16:10:10 beach *Are they

16:11:54 Bike boxing and unboxing is kind of still in flux. HIR unbox definitely checked types, though.

16:12:02 Bike probably a better design would be to separate the type check from the unboxing

16:13:01 beach That's what I though. Yes, maybe. But it's tricky since more than one object type could work, and the unboxing operation would be different for each one.
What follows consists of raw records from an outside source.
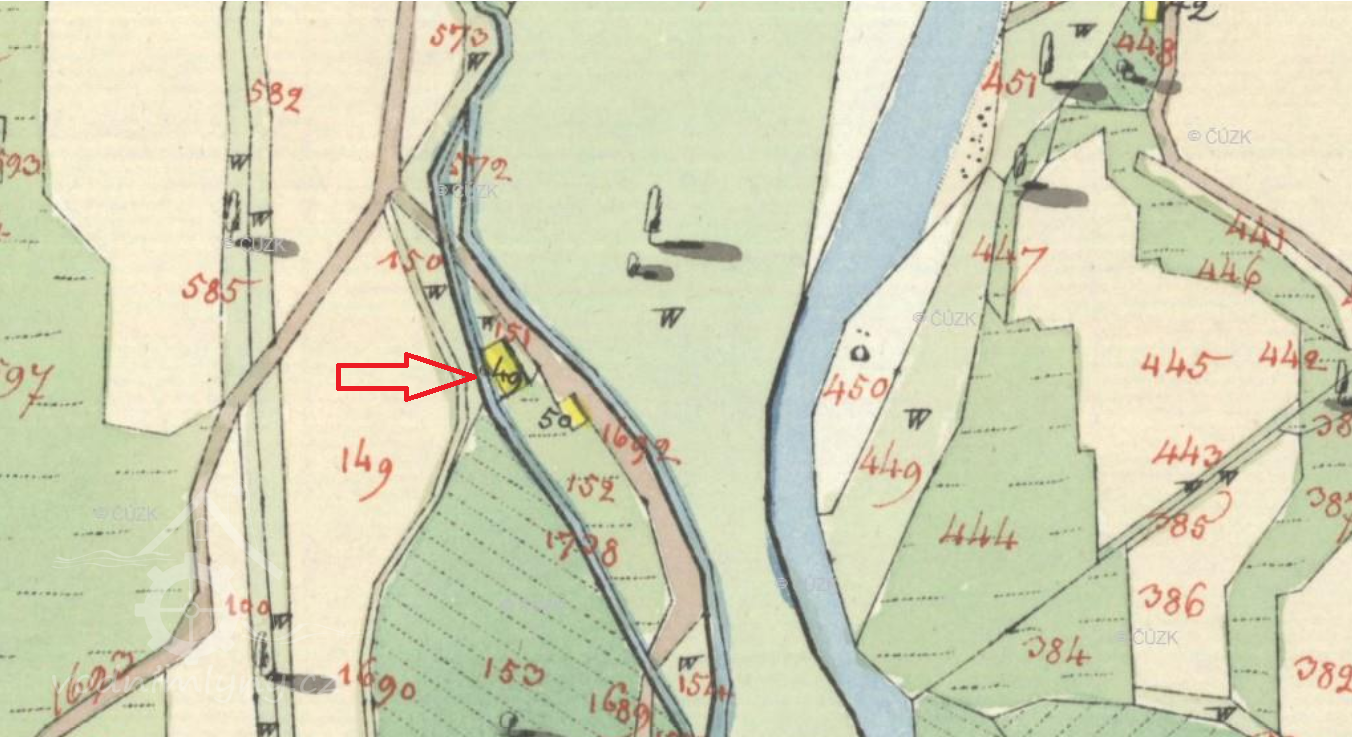 Kolem roku 1760 Adam Hradský od otce svého grunt selský i s mlýnkem koupil. Kolem roku 1795 Jan Hradský od otce svého přejal volný grunt a valchu s mlýnkem č. 3. 4. 5. Tři zdejší mlýny zpracovaly v polovině 19. století ročně 92 měřic pšenice, 168 měřic žita, 260 měřic ječmene, 120 měřic ovsa.
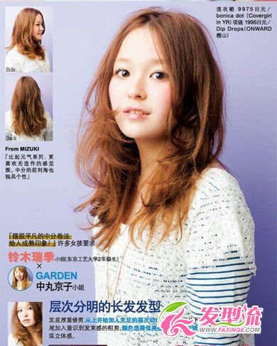 层次分明的长发发型,发底厚重修剪,从上开始加入充足的层次动感。脸部周围从下巴线~发尾加入意识到发束感的粗剪。颜色选择低亮度和高亮度交错,从而实现立体感。
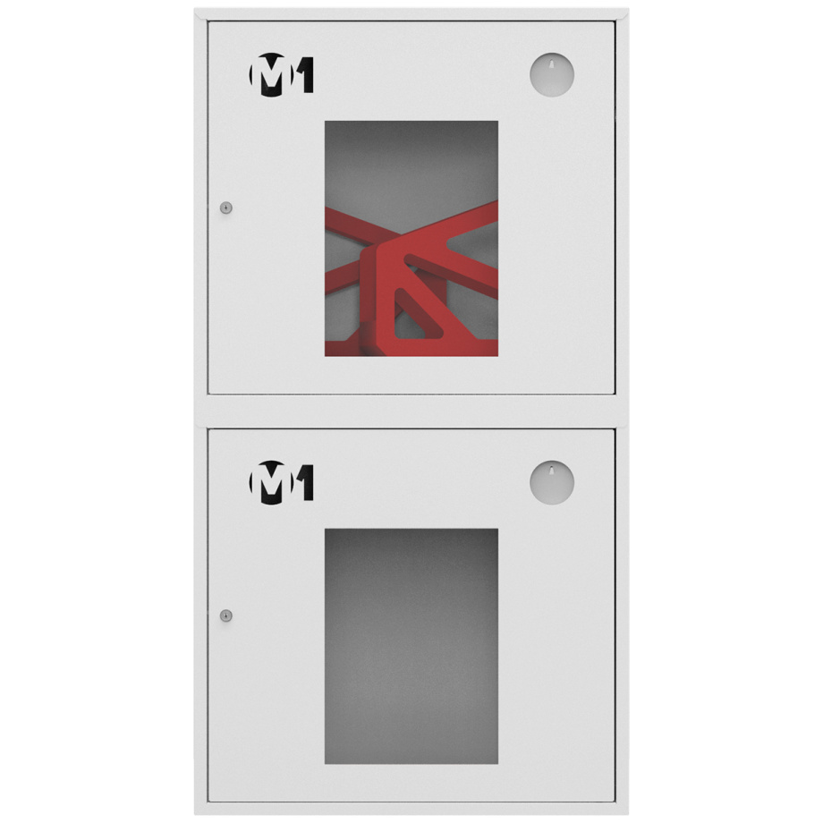 Секции шкафа имеют равные размеры и расположены друг над другом. Верхний отдел комплектуется двумя поворотными корзинами (рукавными кассетами) для двух напорных рукавов диаметром от 50 до 66 мм. Нижнее отделение предназначено для хранения двух огнетушителей.

16:14:14 Bike how do you mean?

16:14:25 beach I guess it's perhaps only for the ((un)signed-byte 64) that both a fixnum and a bignum might work.

16:14:40 Bike oh, yeah.

16:14:55 Bike i think integers kind of form a special case as far as un/boxing goes

16:15:39 beach For the smaller integer types, only fixnums apply. But the value has to be tested.

16:16:01 beach But, sure, we may have unboxed 128-bit integers some day.